§ Aim of the task
Among the entries that follow, locate the line with "在由《中国远程教育》杂志举办" and the line with "Déodorant aux senteurs". Output those lines and all lines in between, exactly, minus the pictures.
** Records provided follows **
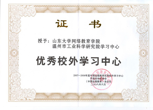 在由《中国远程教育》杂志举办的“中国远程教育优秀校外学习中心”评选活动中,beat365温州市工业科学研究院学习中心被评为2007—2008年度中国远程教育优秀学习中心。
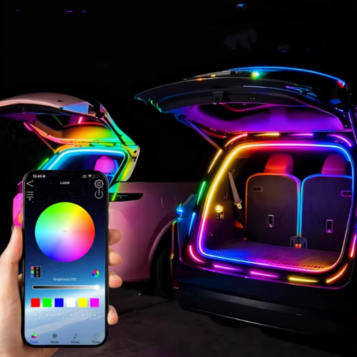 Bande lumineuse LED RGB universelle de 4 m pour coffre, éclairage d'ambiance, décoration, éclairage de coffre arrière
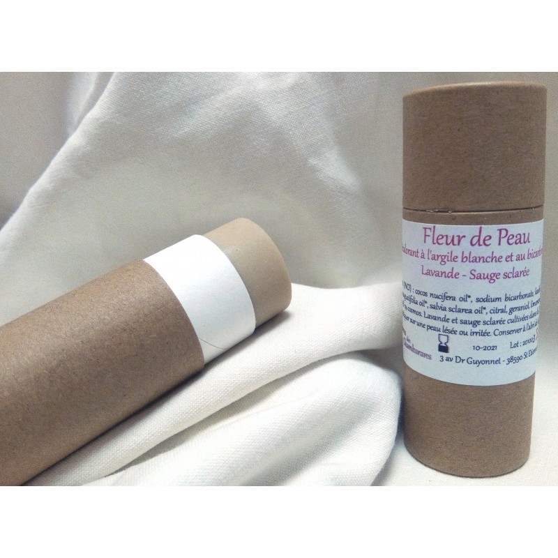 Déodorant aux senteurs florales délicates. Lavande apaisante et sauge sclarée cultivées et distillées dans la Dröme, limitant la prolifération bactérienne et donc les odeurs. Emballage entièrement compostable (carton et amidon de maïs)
** End of Records provided **
** Records provided follows **
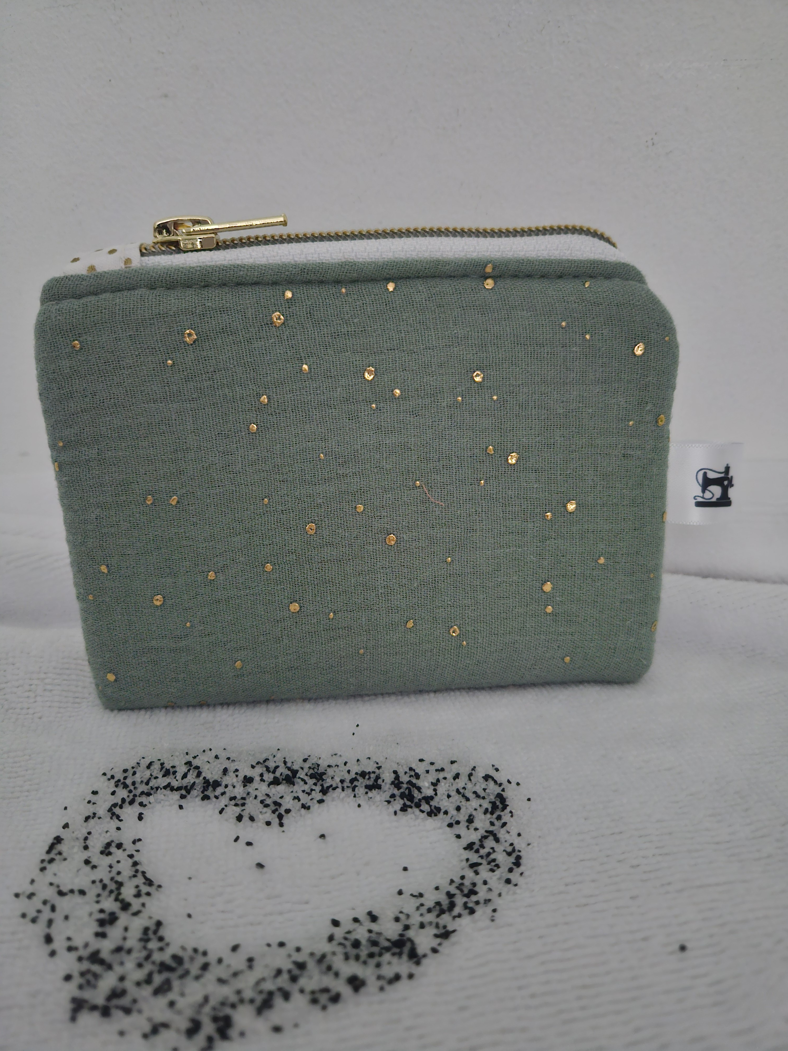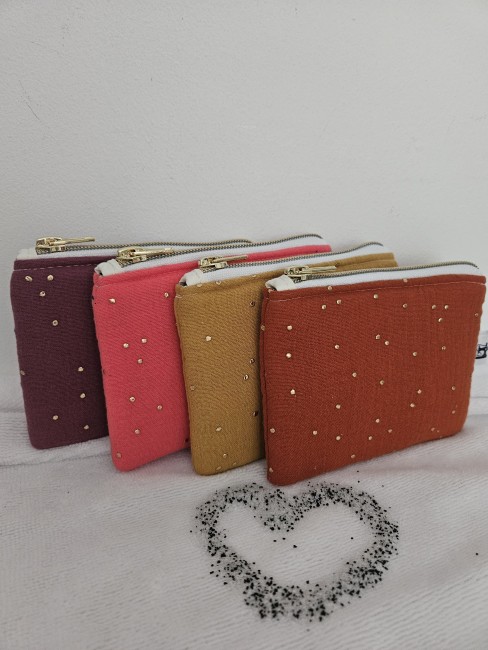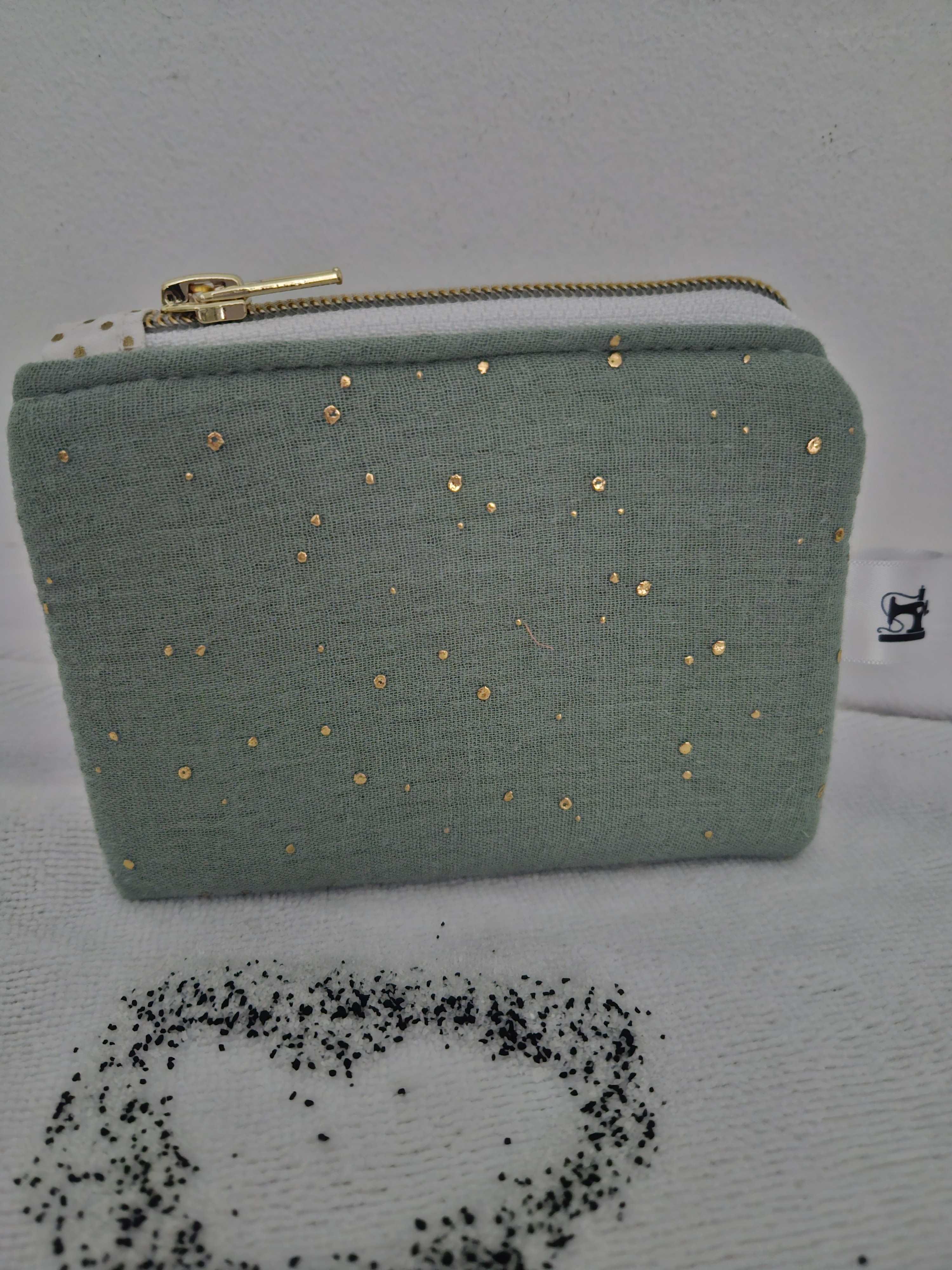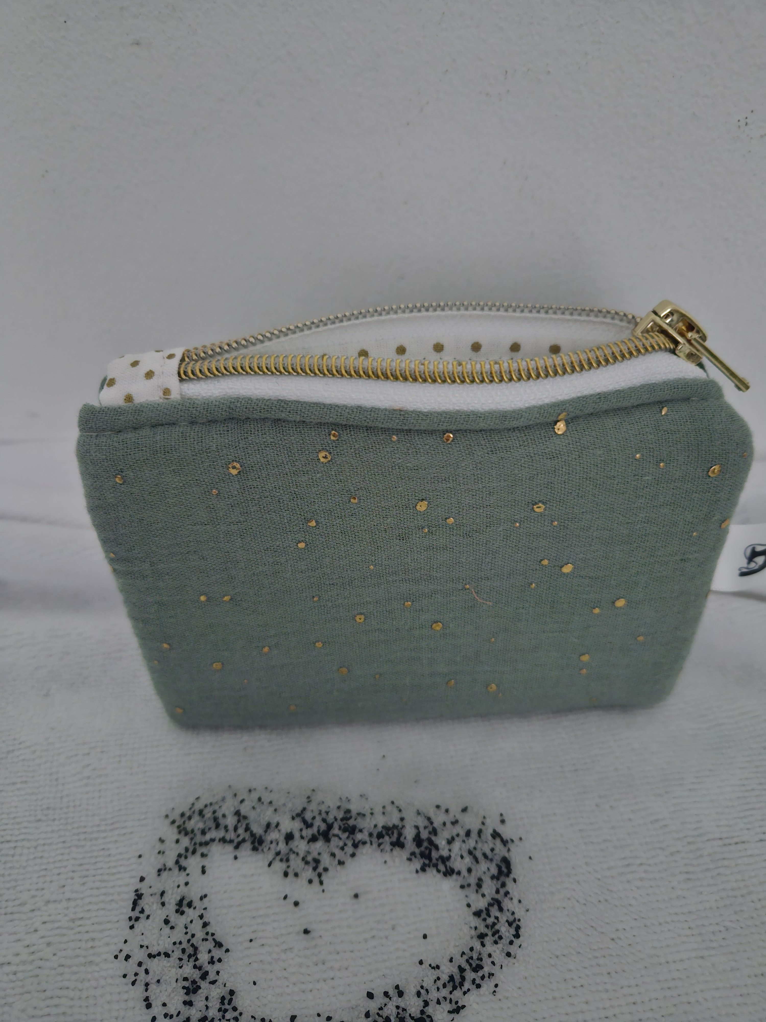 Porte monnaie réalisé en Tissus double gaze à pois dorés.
** End of Records provided **
§ Solved problem
 在由《中国远程教育》杂志举办的“中国远程教育优秀校外学习中心”评选活动中,beat365温州市工业科学研究院学习中心被评为2007—2008年度中国远程教育优秀学习中心。
 Bande lumineuse LED RGB universelle de 4 m pour coffre, éclairage d'ambiance, décoration, éclairage de coffre arrière
 Déodorant aux senteurs florales délicates. Lavande apaisante et sauge sclarée cultivées et distillées dans la Dröme, limitant la prolifération bactérienne et donc les odeurs. Emballage entièrement compostable (carton et amidon de maïs)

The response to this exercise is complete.